Finalmente, reitere-se que o ciclo de formação de precedentes vinculantes, fomentado através da dinâmica acima, não estaria completo sem a restrição dos agravos de instrumento em matérias já com eles em conformidade, prevista no art. 1.030, §2º, do CPC, e externada como aplicável ao processo do trabalho através do art. 1º-A da IN nº 40/2016 (introduzido pela Resolução TST nº 224/2024). A medida busca diminuir a atual inundação da Corte com agravos de instrumento em recurso de revista (AIRR), que representam, atualmente, cerca de 79,2% do volume de recursos recebidos, ainda que para um irrisório índice de provimento, de 3,8%, em 2024[6]. De acordo com o novo art. 1º-A da IN nº 40/2016, em tais casos, caberá apenas “agravo interno da decisão que negar seguimento ao recurso de revista interposto contra acórdão que esteja em conformidade” com entendimento do TST em IRR, IAC ou IRDR.
Assim, de uma só vez, as mudanças acima:
- valorizam a jurisprudência tradicional da Corte, dando-lhe eficácia vinculante, mais potente na pacificação de dissidências entre os Tribunais Regionais;
- facilitam a provocação, com a legitimidade concorrente da Presidência;
- e evitam que, uma vez formado o precedente, outros processos repetidos sobre a mesma questão jurídica possam continuar indefinidamente a atingir a Corte Superior, sob a forma de AIRR, desviando-a de sua missão constitucional de concentrar-se na unidade do Direito nacional.
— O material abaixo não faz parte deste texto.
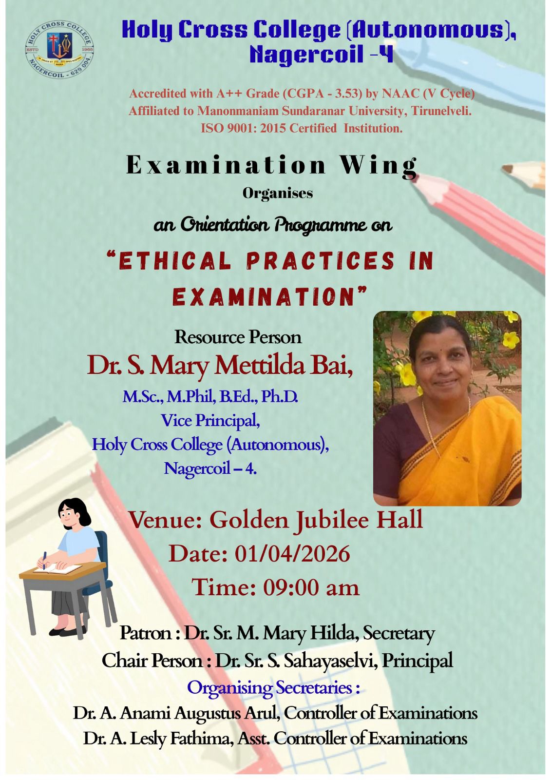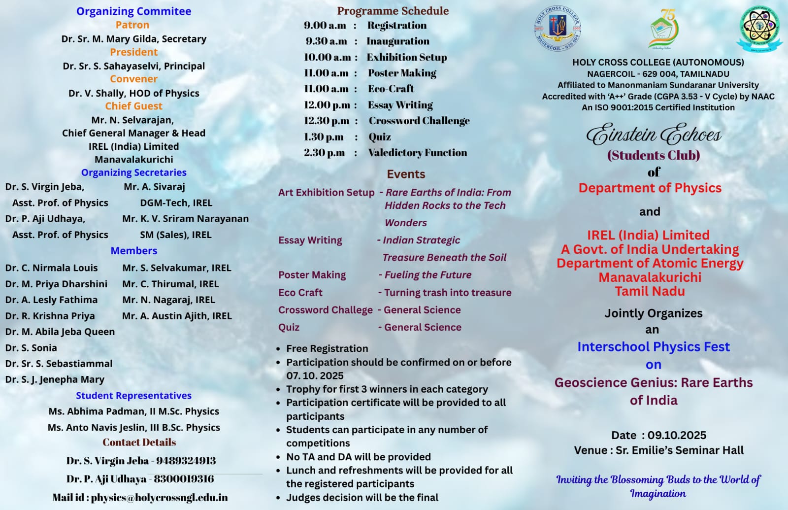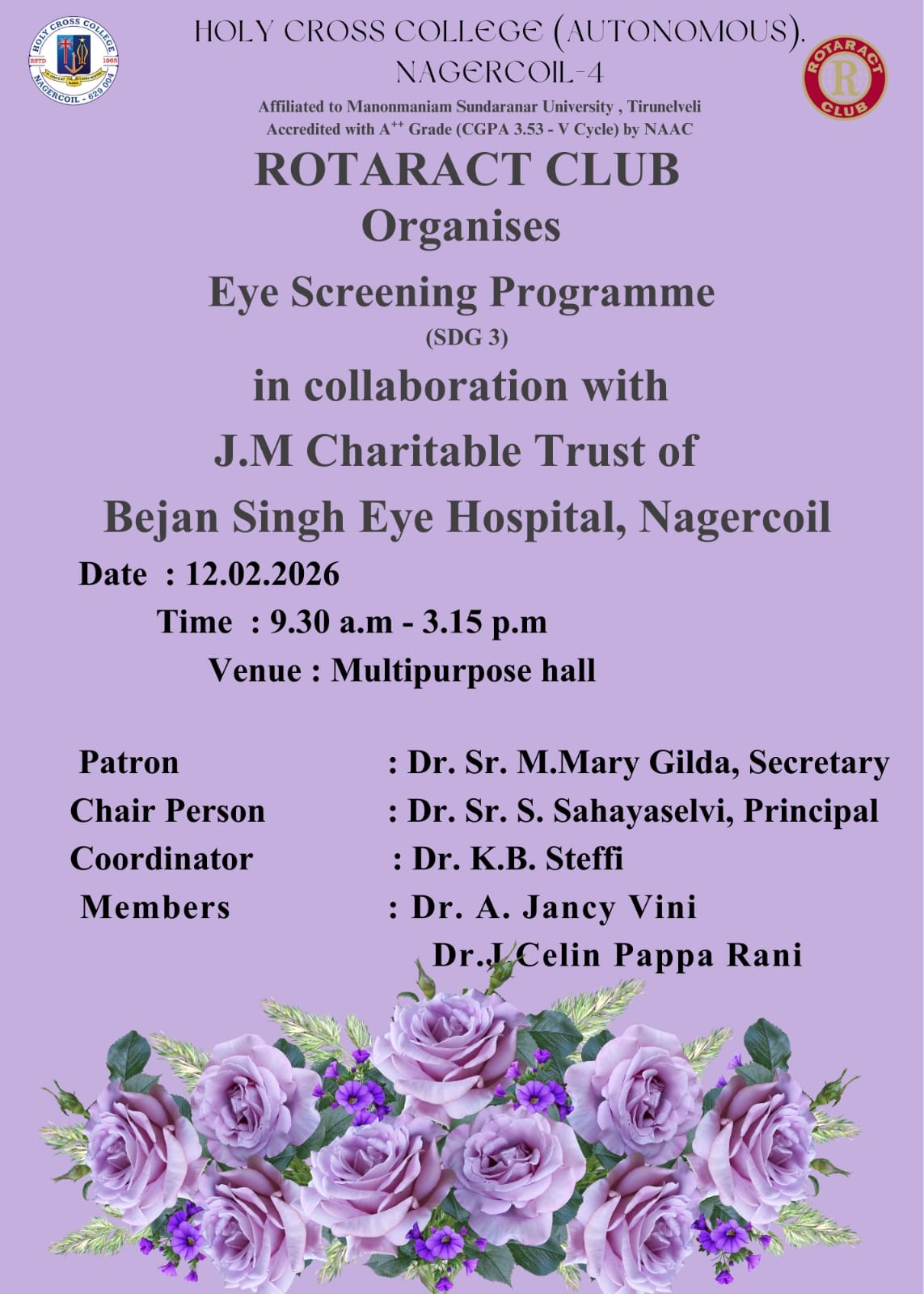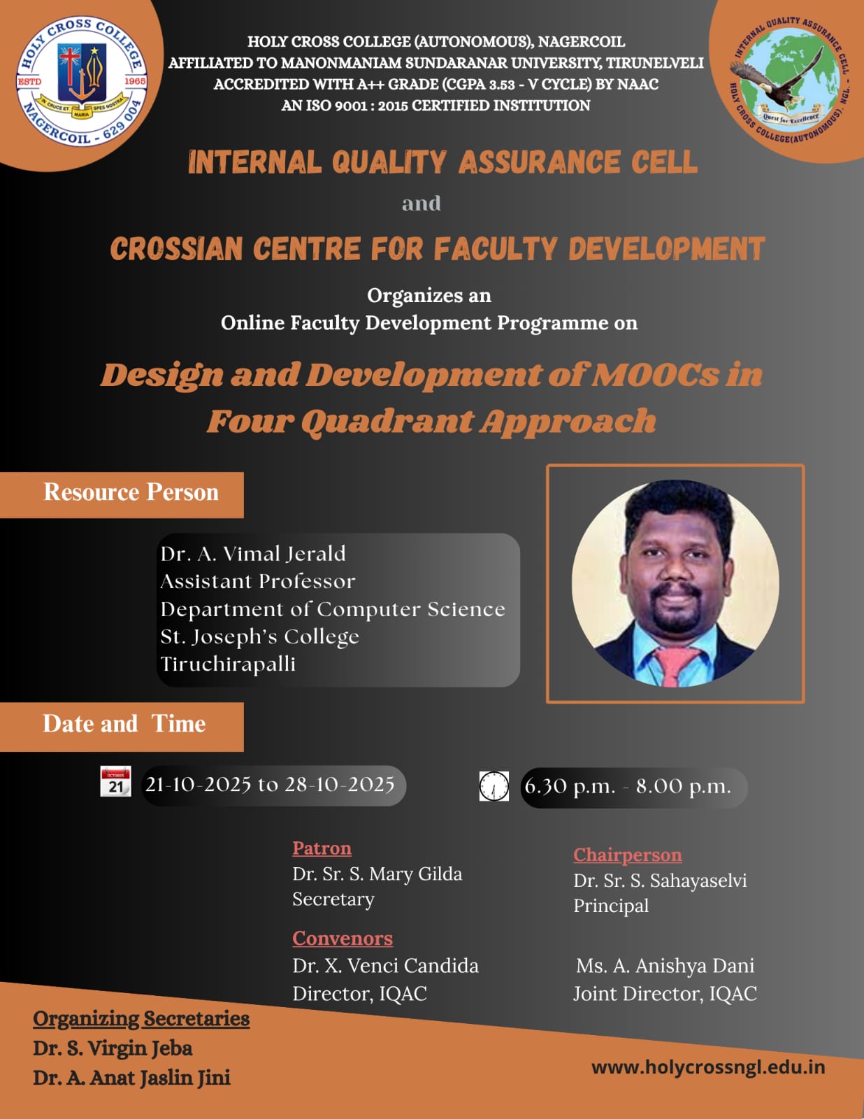 Holy Cross College was established in 1965 - the first women’s college in Kanyakumari district. It is a very prestigious college with a strong determination to empower women personally and professionally. I firmly believe that through education, women can fabricate an identity of their own. They can pursue their dreams and move ahead in their life with strong determination, respect, love, and faith. Under the efficient and committed management of the sisters of the Cross of Chavanod, the college continues to sow the seeds of education to women thereby nourishing them physically, emotionally, intellectually, spiritually, and socially.
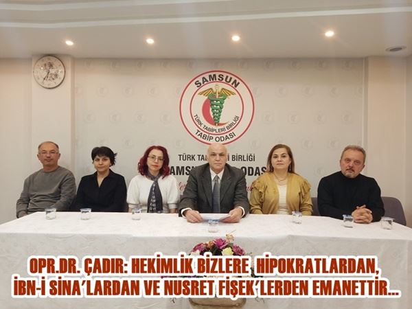 Samsun Tabip Odası adına Dr. Çadır; “Biliriz ki; toplum sağlıklıysa biz sağlıklıyız, biz sağlıklıysak toplum sağlıklı… Yine biz biliriz ki; bilim ve tıbbın kaygısı toplumsa, canlıların sağlığıysa, onu savunmak cesaret gerektirir. Hekimlik Andı aldığımız bu sorumluluğun topluma verilmiş bir garantisidir. Yani bizi susturacaklarını zannedenler bilsin ki; “Bizler öyle bir yemin ettik ki dönmeyiz, dönemeyiz.” Hipokrat’lardan, İbn-i Sina’lardan, Nusret Fişek’lerden bize emanettir; topluma verdiğimiz bu söz, bu cesaret, bu sağlık ve emek mücadelesi. TTB de, insanlık tarihi kadar köklü böylesi mücadelenin yakın tarihteki somutlaşmış örneklerinden biridir sadece. Ve TTB herhangi bir iktidara yaslanmayı hiçbir zaman kabul etmemiş; eleştirel/bilimsel/etik aklı en büyük dayanak kabul etmiştir. Mücadelesi uzun solukludur. TTB’nin özelleştirmelerle, ülke imkanlarını sermayedarlara akıtan Şehir Hastaneleriyle, niteliksiz / Tabela Üniversitesi eğitimleriyle, basamaklı uygulamayı yok eden sağlık sistemiyle, emeğimizin sömürülmesiyle, doğanın yok edilmesiyle, en yoğununu yaşadığımız, hayatın her alanına sindirilmeye çalışılan şiddetle mücadelesi bu uzun soluklu mücadelelerden bazılarıdır” şeklinde konuştu.

Compatibilidade da formação de teses
Finalmente, é preciso que se façam alguns breves comentários quanto à compatibilidade da emissão de teses – objeto da reafirmação de jurisprudência – com o sistema brasileiro de precedentes. Alguns temem que a divulgação de teses sintéticas para representar e divulgar os novos precedentes vinculantes – método utilizado por todos os Tribunais pátrios, em observância à divulgação padronizada estabelecida pelas Resoluções CNJ nºs 235/2014 e 444/2022[7] – possam empobrecer o sistema, engessando-o em curtos verbetes abstratos, que nem sempre conseguem capturar a complexidade da questão jurídica subjacente, resolvida no caso-piloto pela Corte prolatora do precedente[8].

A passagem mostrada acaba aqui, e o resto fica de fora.